I run a restart because I questioned whether a shutdown would start the machine back up the next day (in my own mind, I imagine a manual shutdown ignores the start-up scheduling).
The delayed shutdown command is to allow the script to finish and submit an exit code 1 before restarting. I used exit 1 so I could see in the dashboard at a glance machines that were awake, and as you can sort the logs by date, you can see if it's the same old machines staying awake.

I also did a massive overhaul of config profiles.
I created a slew of 'Devices with X application' policies and assigned relative config profiles that way. I then went to the related app install policy and threw in a 'jamf policy -trigger recon' one-liner. So after installation, the profile comes down.

Another 'in my own mind' KEXTs etc need to be loaded in advance of application installation, so those are still going out in advance to devices that 'could' install affected apps if they choose to.

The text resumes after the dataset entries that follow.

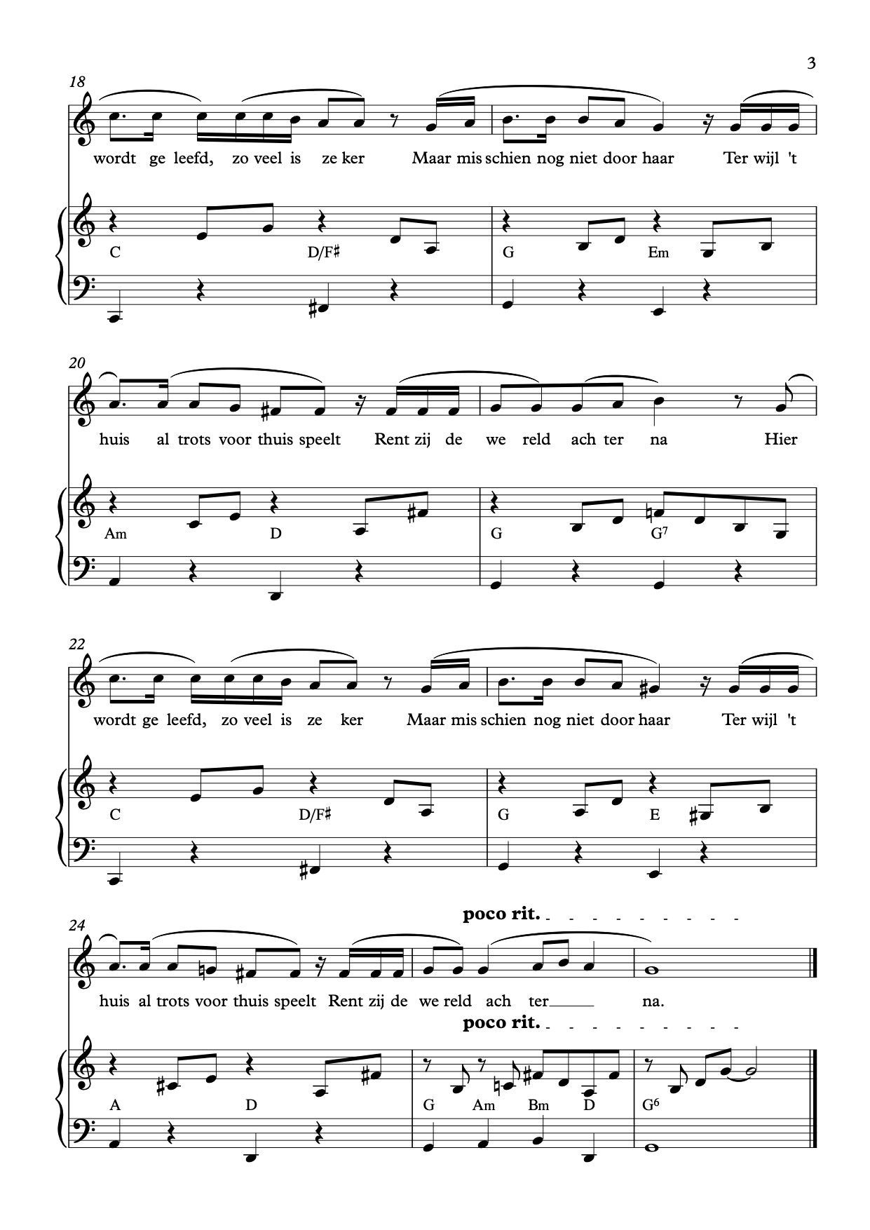 Hieronder vind je de door Lieve van Tuijl ingezongen orkestversie, een uitvoering met piano en met orkest.
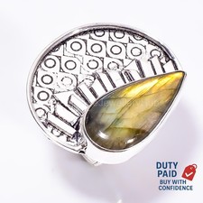 925 Silver Natural Labradorite Handcrafted Sister Band Statement New Ring Size 7
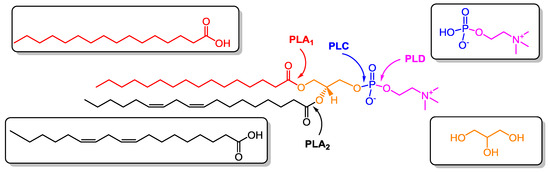 Natural PC, reported in Scheme 1 as 1-palmitoyl-2-linoleyl-PC, may be modified by means of phospholipase D (PLD, E.C.3.1.4.4), an enzyme able to perform a transphosphatidylation reaction in the presence of an alcohol, which allows for the modification of the polar head [32,33], phospholipase C (PLC, E.C.3.1.4.3), which cleaves the phosphoric ester on the glycerol side [34], or by the action of phospholipases A1 (PLA1, 3.1.1.32) and A2 (PLA2, 3.1.1.4), which remove, respectively, the fatty acids in positions sn-1 and sn-2 [35].
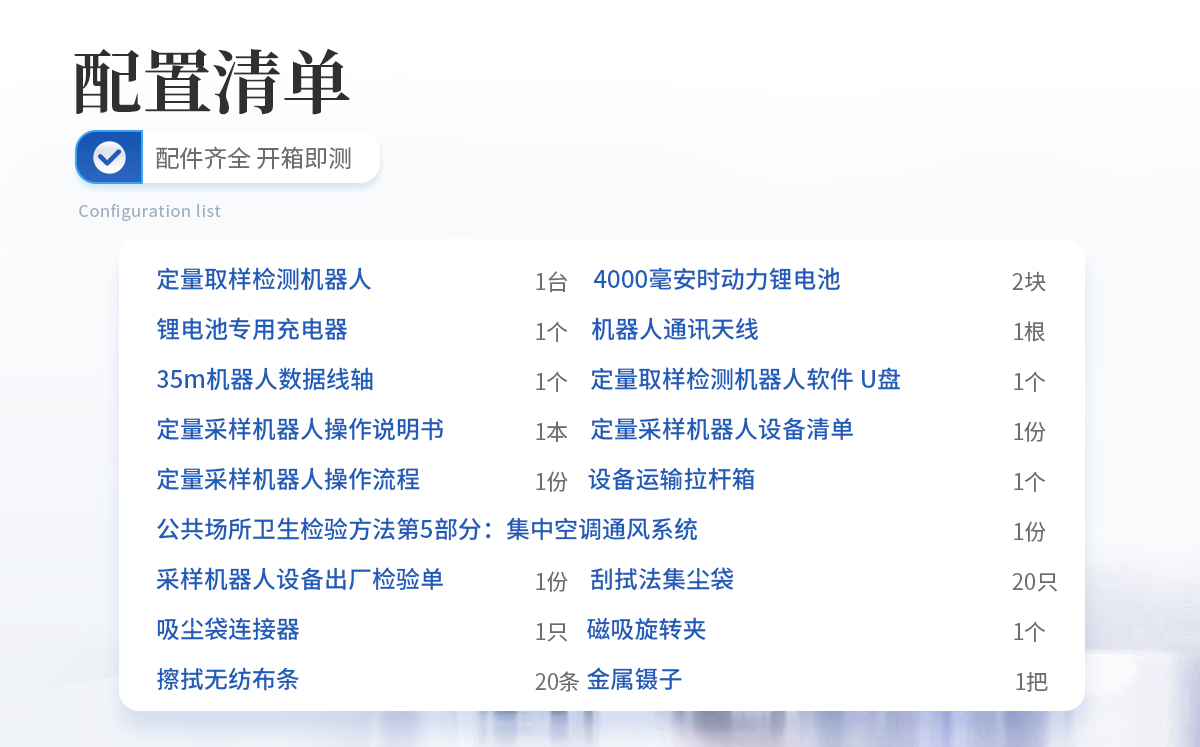 定量取樣檢測機器人:1臺 4000毫安時動力鋰電池:2塊 鋰電池專用充電器:1個 機器人通訊天線:1根 35m機器人數(shù)據(jù)線軸:1個 定量取樣檢測機器人軟件 U盤:1個 定量采樣機器人操作說明書:1本 定量采樣機器人設備清單:1份 定量采樣機器人操作流程:1份 公共場所衛(wèi)生檢驗方法第5部分:集中空調(diào)通風系統(tǒng):1份 采樣機器人設備出廠檢驗單:1份 刮拭法集塵袋 :20只 吸塵袋連接器 :1只 磁吸旋轉(zhuǎn)夾:1個 擦拭無紡布條 :20條 金屬鑷子:1把 設備運輸拉桿箱:1個

I haven't seen the issue in sometime, so I think a mixture of both things has resolved the problem - unless somebody stealth fixed it elsewhere.

#!/bin/bash
echo "Restarting device if still awake at silly oclock in the morning..."
echo "Restarting..."
sudo shutdown -r +4 &
echo "exit 1 to determine if there is a repeat offender..."
exit 1


 

@Qwheel Thanks for the tips, I already do something similar and it's always cool to see what others are doing!  

I think I've narrowed my issue to just a few stations that had likely crashed at the login window or had an improper shutdown which in turn triggered the flood of 'duplicate' services being reported. Once this hit the magic number of (>1500?) services, it eventually broke future recons.  At a minimum we reboot bi-weekly, so this illustrates just how quickly data collections can get bogged down.

As all other aspects of the Jamf binary are working fine, including daily recon attempts that were just not reporting this failure, I implemented an alert to report when this occurs (probably should have done this sooner but ehh, who knew).

Realistically I think this is a problem the data collection process should address (not us) and I've submitted a ticket.

jp2019
New Contributor III

Thanks for the share, can you share the alert you implemented that reports when this occurs?

Thanks in advance.

No problem, we recon at least once a day, so this works well for lab computers that are 'supposed' to be on 24/7.  Just create a smart group that sends an email notification on membership change.  Also fwiw, after submitting a support ticket, Jamf performed maintenance on our Jamf Cloud DB which resolved the issue.

Screen Shot 2022-06-28 at 12.54.39 PM.png

Qwheel
Contributor II

We don't use JAMF connect over here, so perhaps it isn't related to that?
We still use NoMAD/NoLOAD for shared device login.